A própria Cora não sabia o que pensar à respeito. Apenas tinha a certeza, um pouco mesquinha porém sólida, de que deveria guardar aquelas informações para si. Como uma espécie de trunfo, algo que podia vir a calhar. Ouvir mais, falar menos.

Céus, estava começando a pensar como uma raposa. Desde quando ela se importava tanto em estar um passo à frente? Talvez as provações do dia anterior a tivessem endurecido... Ou Linda.

O som de passos interrompeu seu fluxo de pensamento: Sofia caminhava para elas. A mulher ostentava as mesmas feições irreconhecíveis que Cora vira na clareira. Seus cabelos impecáveis agora estavam presos num rabo de cavalo precário, cheio de pontas soltas. Duas bolsas arroxeadas marcavam seus olhos e sua aparência geral era de puro cansaço.

Sofia alcançou o grupo e ficou parada com as mãos atrás das costas.

"Cora, Mahira gostaria de trocar uma palavrinha com você. Pode me acompanhar?"

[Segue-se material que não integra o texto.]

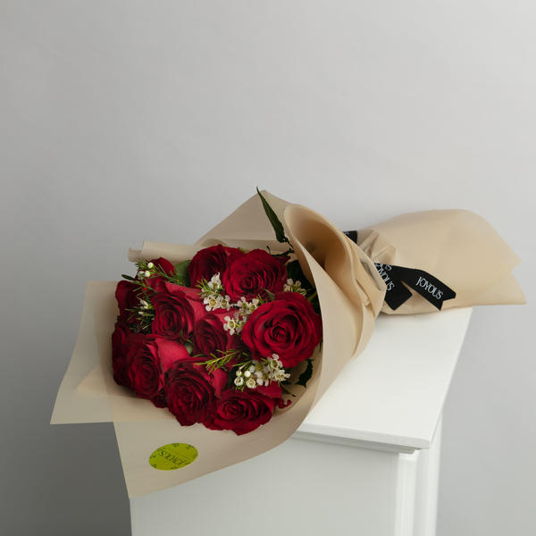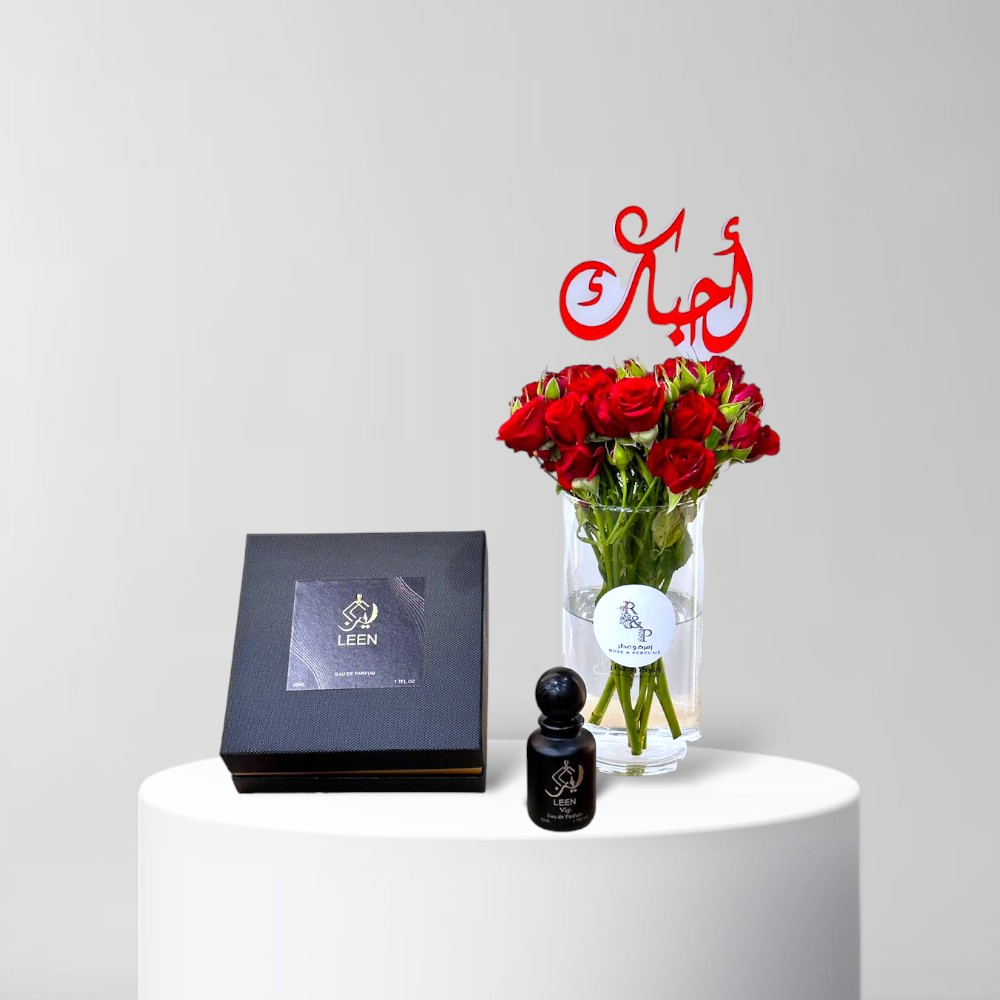فازة شفافة تحتوي على الجوري باللون الأحمر وزهور الجبسوفيلا.

A menina fez que sim, esfregando as mãos para livrar-se dos farelos de biscoito. Levantou desconfiada, fazendo uma careta para Edith. A amiga apenas retribuiu o olhar cheio de interrogações. Cora tinha motivos para ser cautelosa: na última conversa que haviam tido, a tutora batera sua cabeça contra a parede, literalmente.

Sofia a levou por um corredor lateral ainda no primeiro andar, até um cômodo cuja finalidade original era servir como uma espécie de sala de jogos. Agora, no entanto, parecia mais um escritório.

Mahira estava sentada em frente a uma mesa de bilhar novinha em folha, onde repousava um computador, uma impressora portátil e várias pilhas de papel. Uma olhada rápida foi o suficiente para que Cora classificasse os equipamentos como caros e sofisticados, coisas do tipo que o alto escalão da Radiant usaria.

"Aqui está ela" disse Sofia. "Vou cuidar das...outras providências"

"Obrigada" respondeu Mahira, observando Sofia deixar a sala antes de virar-se para a recém chegada. "Sente-se, por favor."